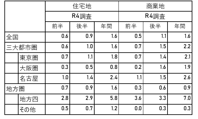 一方、商業地でも、おおむね後半が前半を上回っていますが、唯一地方4市においては前半が+3.6、後半が3.3%と後半の方が低くなっています。
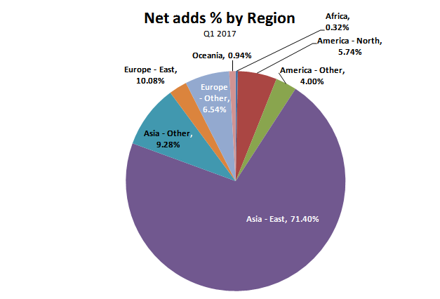在2017年第一季度,固網(wǎng)寬帶的凈增加額的71% 來自東亞,高于2016年第四季度的49%(圖3)。該地區(qū)的季度增長率是所有地區(qū)中最高的,增長率為3.9% (圖4)。
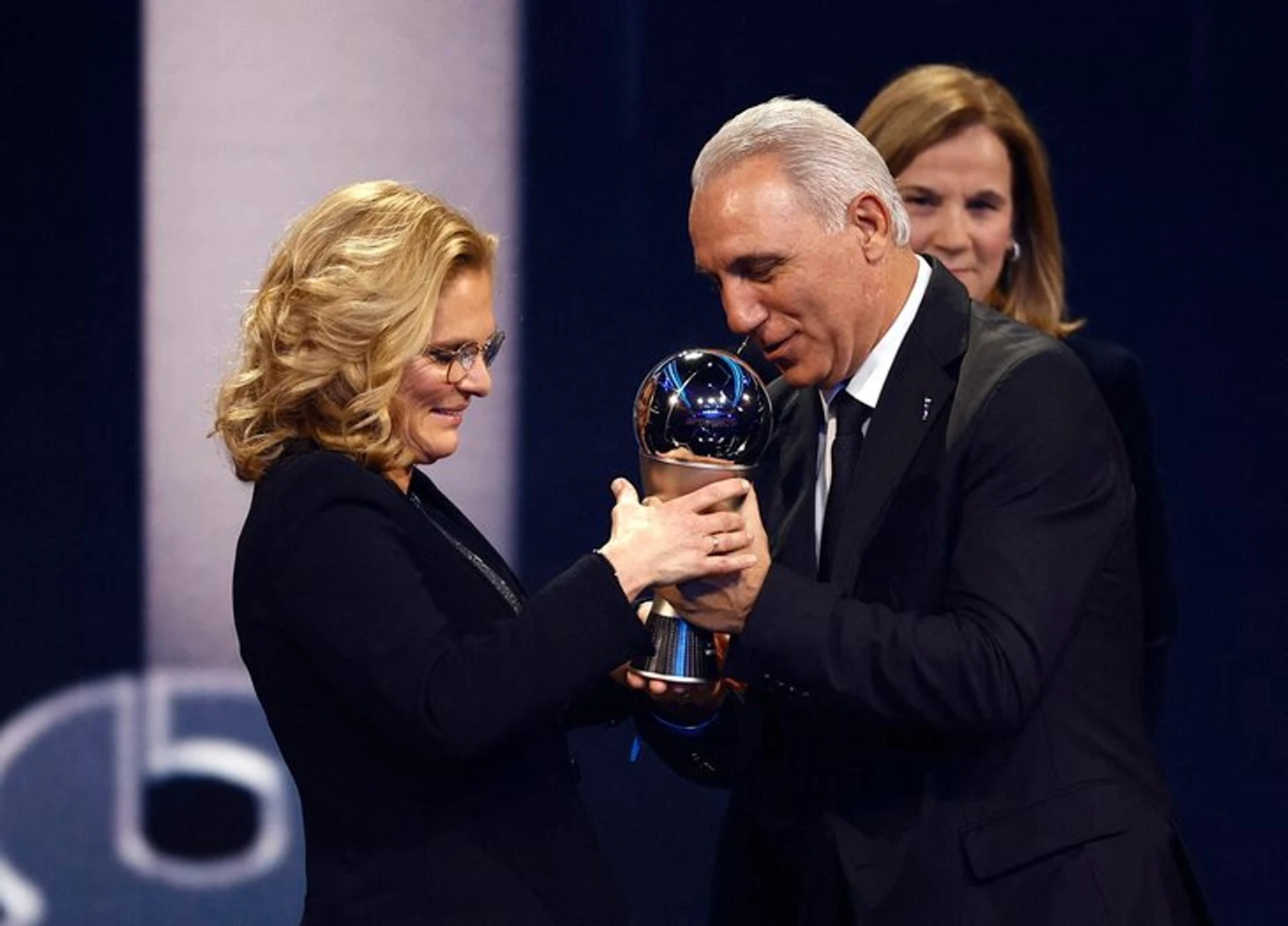 А вот Христо Стоичков вручает приз лучшей женщине-тренеру – Сарине Вигман.

ABOUT THIS TASK
Retype the data above exactly; pictures are not part of the copy.

RESPONSE
 一方、商業地でも、おおむね後半が前半を上回っていますが、唯一地方4市においては前半が+3.6、後半が3.3%と後半の方が低くなっています。
在2017年第一季度,固網(wǎng)寬帶的凈增加額的71% 來自東亞,高于2016年第四季度的49%(圖3)。該地區(qū)的季度增長率是所有地區(qū)中最高的,增長率為3.9% (圖4)。
 А вот Христо Стоичков вручает приз лучшей женщине-тренеру – Сарине Вигман.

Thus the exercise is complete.